Announcing Staying Strategic

Today, I’m launching a workout program called Staying Strategic. It’s the spiritual successor to the Strategy / Culture Bicycle, and it’s the latest in my exploration of what good strategy is and how to develop it.
Staying Strategic is my counterpoint to the dusty plan in the corner. Many organizations spend a lot of time and money developing strategy, but can’t remember what it is or where to find it. Some groups do the extreme opposite, arguing that planning is pointless because “everything’s going to change anyway.”
Strategy has been professionalized to the point of futility. It’s not that it’s not helpful to hire someone to help, it’s that most leaders don’t know what kind of help they need. They don’t know what good strategy is or why it’s useful, which is embarrassing, because they’re “supposed” to know. So they accept help without questioning it, even when it seems like the emperor has no clothes .
This is lunacy. And it’s unnecessary. At the end of the day, being strategic means remembering where we’re trying to go and why. Good strategy tells a clear and compelling story and acts as a compass. It helps guide us, especially in times of uncertainty and chaos.
Developing good strategy requires us to step back, pause, and reflect. This alone is hard. There are many forces in our daily lives that are trying to prevent us from taking that time. Spending tens of thousands of dollars is one way to create that time, but there are cheaper, more effective ways.
Having a good strategy is only marginally useful. The real goal is to act strategically. We are all capable of acting strategically. It doesn’t require special knowledge or an MBA. Acting this way is a muscle, and muscles take practice and repetitions to strengthen.
Acting strategically also isn’t just for our professional lives. It’s something we’re ideally doing in all aspects of our lives. I’ve found that Staying Strategic is particularly useful for individuals going through some sort of life or work transition.
Staying Strategic is a cost-effective way for leaders to plan and strengthen their muscles. At minimum, it gives you structured time to do your own thinking and planning with a trainer (me) and in community with other participants.
Staying Strategic is a workout. It consists of seven sessions over four weeks. In each session, I lead you through exercises that help you strengthen your muscles for asking useful questions, organizing your thinking, playing with scenarios, prioritizing, and experimenting.
Staying Strategic gives you agency. As with any workouts, the more reps you do, the stronger you get. Repetition and iteration help you adapt to changing circumstances and prevents you from coming up with rigid, quickly irrelevant plans.
Staying Strategic is tested.
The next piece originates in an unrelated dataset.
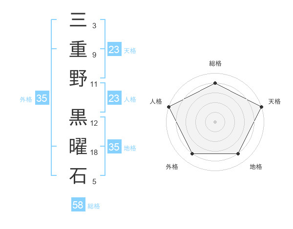 三重野 黒曜石さんを姓名の画数から五運を鑑定

I’ve led over 40 individuals and organizations through the workouts, refining the program along the way.
Staying Strategic is accessible. I share all of my workouts freely and without copyright, so anyone can do them on their own. Leaders are welcome to incorporate them into their organizations, and consultants are welcome to incorporate them into their practices. Or, you can join my Collaboration Gym and do these workouts with me. A year’s membership comes out to $50/month, and I’m offering 50 percent off if you enroll before the end of the year.
So glad this is officially launching. I hear more and more people talking about the skills and capacities we need to be successful at work as “muscles” that need to be strengthened. However I don’t see a corresponding shift in how we invest in change initiatives, collaborative work spaces, or professional development. Understanding we need to practice and strengthen muscles in theory, vs. actually knowing how to do that, is a HUGE gap. REALLY excited to have a place to point folks to really do the work and build muscles, not just learn about more theories.
Thank you so much, Rebecca! It’s frustrating to me that more people don’t have the same observation that you make here. At minimum, I hope that this program encourages other folks in our field to copy the approach (which I just copied from all the other places where we already take a practice-oriented approach, like physical gyms, music, etc.).